(Saved entries)
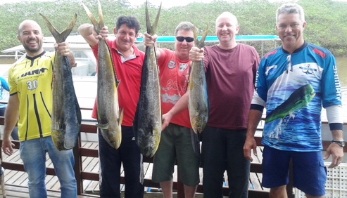 Apesar desta última semana as condições do tempo não terem ajudado muito, principalmente na sexta-feira e no sábado onde o mar ficou mais agitado em função do vento sul, o mês de Novembro segue com ótimas pescarias na região de Piçarras.  As equipes da Marina Bela Vista aproveitaram os dias em que as condições permitiram a saída e voltaram a fisgar muitos dourados e espadas. Um, entre os vários destaques dessa semana, foi o Mestre Silviu que tem realizado grandes pescarias em Piçarras. Em uma de suas pescarias nessa semana (foto acima), a equipe fisgou belos dourados. Outro destaque foi a equipe Pilgrim, do Comandante Neco Moser (foto abaixo), que também embarcou vários dourados. Tanto o Mestre Silviu como o Neco Moser, que organizam pescarias saindo da Marina Bela Vista, ficam a disposição para quem tiver interesse em pescar na região de Piçarras através do site www.mestresilviu.com.br ou em contato direto com a Marina Bela Vista.  As lanchas são as Carbrasmar 32 e 27 pés, todas bem equipadas para oferecer uma pescaria com conforto e segurança. Confira também na Galeria de Fotos no Portal da MBV estas e todas as demais imagens das equipes deste mês que segue com muitos peixes em Piçarras.
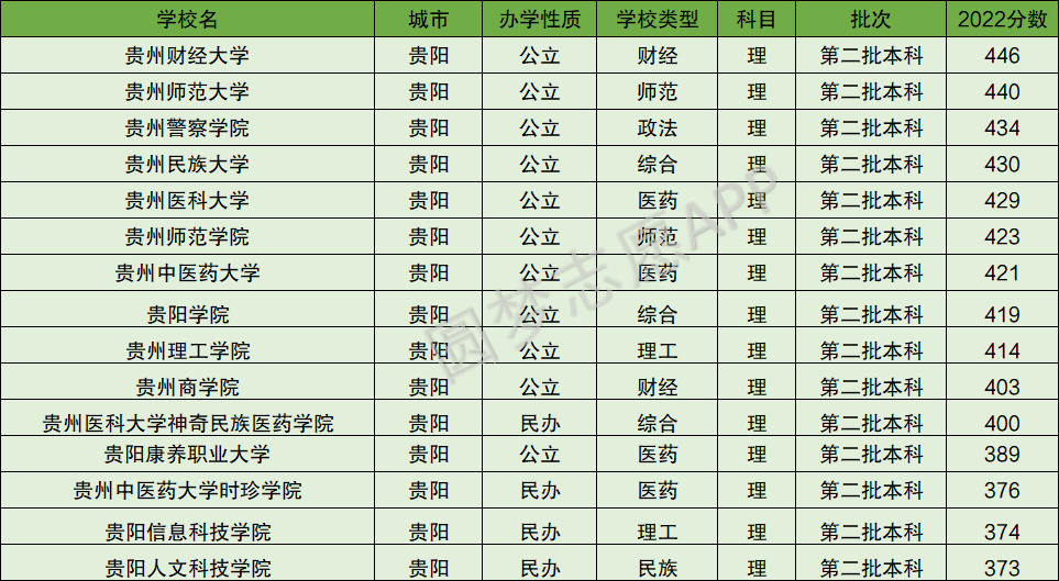 高考100小编整理出了2022年贵阳市分数线最高的二本大学,理科中分数线最高的3所二本大学包括贵州财经大学(446分)、贵州师范大学(440分)、贵州警察学院(434分)。
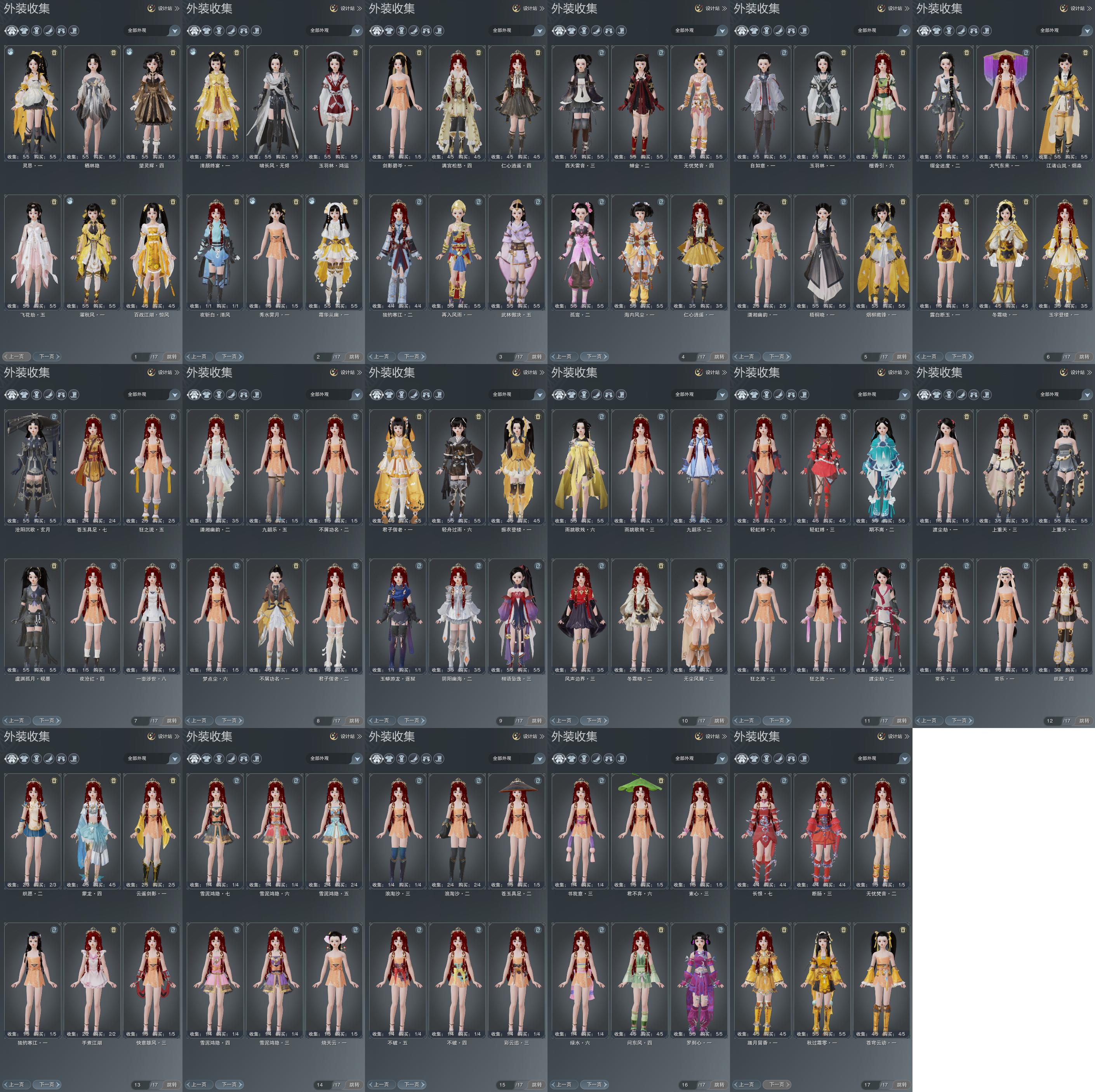 限时限量:[白九壤, 雪衣寒江, 霆螭月华, 十三万资历衣, 十六万资历衣, 中宵渊霜, 烟花套, 黑枕戈, 锦绣明辉, 客行逍遥夜影, 客行逍遥撷英, 客行逍遥天旷, 小黑龙衣, 盈露川陵, 一期福袋成衣, 幽涧愀兮, 十三周年成衣, 蓝水母]
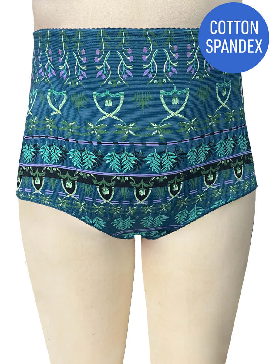 Full Briefs - BCS1026 Cotton Spandex - Teal/Aqua Print
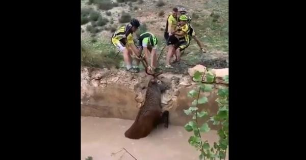 Una squadra di ciclisti spagnoli ha salvato un cervo rimasto intrappolato vicino a Granada in un caseggiato abbandonato.
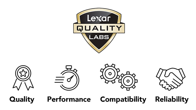 Tất cả các sản phẩm Lexar, đầu đọc thẻ, ổ đĩa flash USB đều được trải qua tất cả các thử nghiệm rộng rãi trong Lexar Quality Labs với hơn 1.100 thiết bị kỹ thuật số hiện đại nhất để đảm bảo hiệu suất, chất lượng, khả năng tương thích và độ tin cậy.
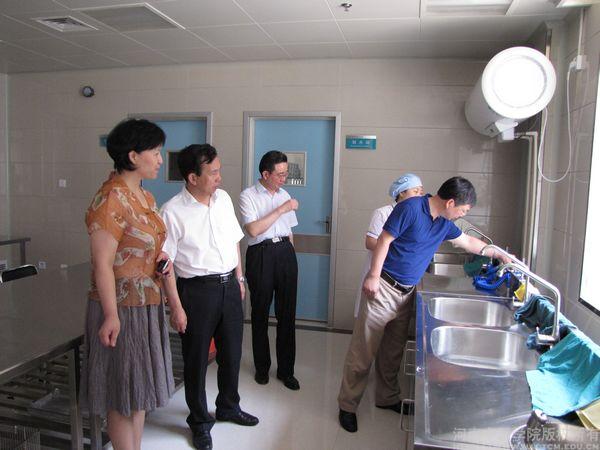 查德忠司长一行人实地查看了医院新建成的消毒供应中心和正在改扩建的项目,对标准化消毒供应中心的建设给予了高度的评价。随后,查德忠司长和张重刚局长一行来到会议室听取医院关于建设三级甲等单位情况的汇报。会议由三附院院长田力主持。
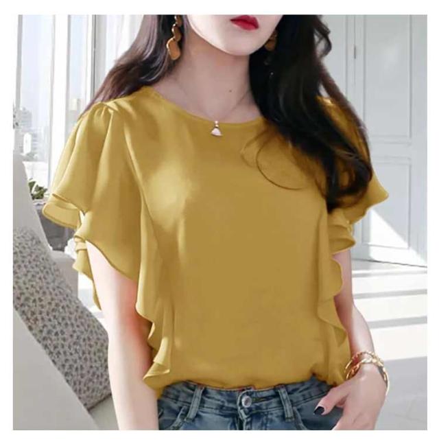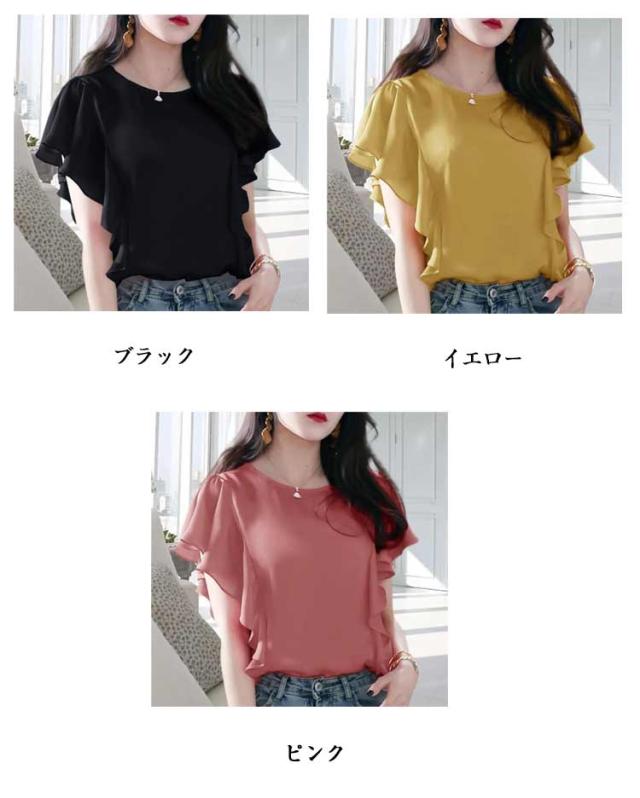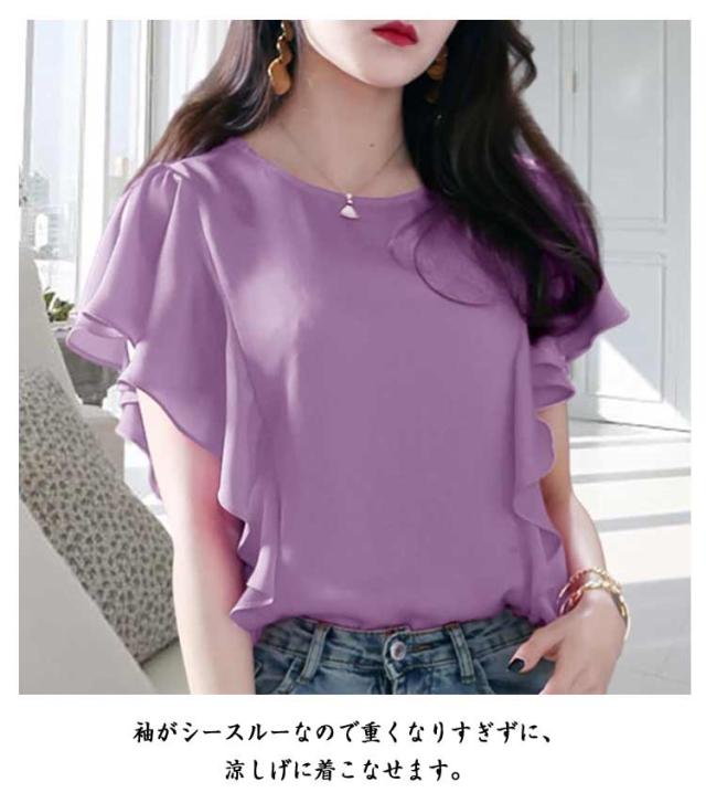 シフォン ブラウス シャツ フリル袖 半袖 チュニック 無地レース フリル袖カットソー シンプル クルーネック Uネック レディース 春 夏 結婚式 パーティー 二次会 トップス フォーマル 薄手 シースルー
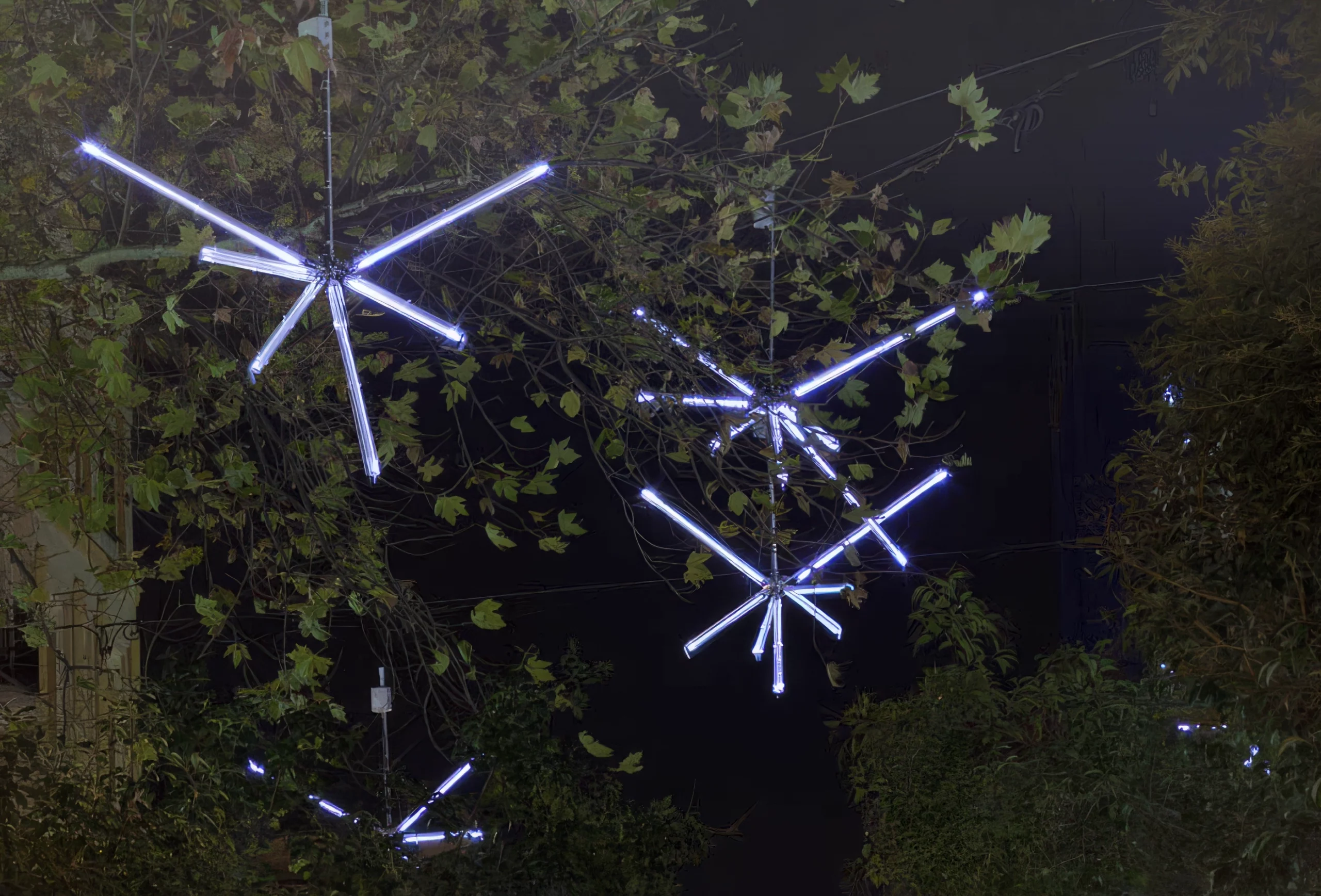 Instalada en las calles Fuencarral y Montera, la propuesta concebía la luz como un instante de celebración suspendido en el aire. Sobre la noche madrileña, el diseño desplegaba una constelación dinámica de puntos lumínicos que evocaban la explosión efímera de los fuegos artificiales, transformando el recorrido urbano en una experiencia vibrante y emocional.

About this task:
Restate every line above exactly, omitting images.

Result:
 Apesar desta última semana as condições do tempo não terem ajudado muito, principalmente na sexta-feira e no sábado onde o mar ficou mais agitado em função do vento sul, o mês de Novembro segue com ótimas pescarias na região de Piçarras.  As equipes da Marina Bela Vista aproveitaram os dias em que as condições permitiram a saída e voltaram a fisgar muitos dourados e espadas. Um, entre os vários destaques dessa semana, foi o Mestre Silviu que tem realizado grandes pescarias em Piçarras. Em uma de suas pescarias nessa semana (foto acima), a equipe fisgou belos dourados. Outro destaque foi a equipe Pilgrim, do Comandante Neco Moser (foto abaixo), que também embarcou vários dourados. Tanto o Mestre Silviu como o Neco Moser, que organizam pescarias saindo da Marina Bela Vista, ficam a disposição para quem tiver interesse em pescar na região de Piçarras através do site www.mestresilviu.com.br ou em contato direto com a Marina Bela Vista.  As lanchas são as Carbrasmar 32 e 27 pés, todas bem equipadas para oferecer uma pescaria com conforto e segurança. Confira também na Galeria de Fotos no Portal da MBV estas e todas as demais imagens das equipes deste mês que segue com muitos peixes em Piçarras.
 高考100小编整理出了2022年贵阳市分数线最高的二本大学,理科中分数线最高的3所二本大学包括贵州财经大学(446分)、贵州师范大学(440分)、贵州警察学院(434分)。
 限时限量:[白九壤, 雪衣寒江, 霆螭月华, 十三万资历衣, 十六万资历衣, 中宵渊霜, 烟花套, 黑枕戈, 锦绣明辉, 客行逍遥夜影, 客行逍遥撷英, 客行逍遥天旷, 小黑龙衣, 盈露川陵, 一期福袋成衣, 幽涧愀兮, 十三周年成衣, 蓝水母]
 Full Briefs - BCS1026 Cotton Spandex - Teal/Aqua Print
 Una squadra di ciclisti spagnoli ha salvato un cervo rimasto intrappolato vicino a Granada in un caseggiato abbandonato.
 Tất cả các sản phẩm Lexar, đầu đọc thẻ, ổ đĩa flash USB đều được trải qua tất cả các thử nghiệm rộng rãi trong Lexar Quality Labs với hơn 1.100 thiết bị kỹ thuật số hiện đại nhất để đảm bảo hiệu suất, chất lượng, khả năng tương thích và độ tin cậy.
 查德忠司长一行人实地查看了医院新建成的消毒供应中心和正在改扩建的项目,对标准化消毒供应中心的建设给予了高度的评价。随后,查德忠司长和张重刚局长一行来到会议室听取医院关于建设三级甲等单位情况的汇报。会议由三附院院长田力主持。
 シフォン ブラウス シャツ フリル袖 半袖 チュニック 無地レース フリル袖カットソー シンプル クルーネック Uネック レディース 春 夏 結婚式 パーティー 二次会 トップス フォーマル 薄手 シースルー
 Instalada en las calles Fuencarral y Montera, la propuesta concebía la luz como un instante de celebración suspendido en el aire. Sobre la noche madrileña, el diseño desplegaba una constelación dinámica de puntos lumínicos que evocaban la explosión efímera de los fuegos artificiales, transformando el recorrido urbano en una experiencia vibrante y emocional.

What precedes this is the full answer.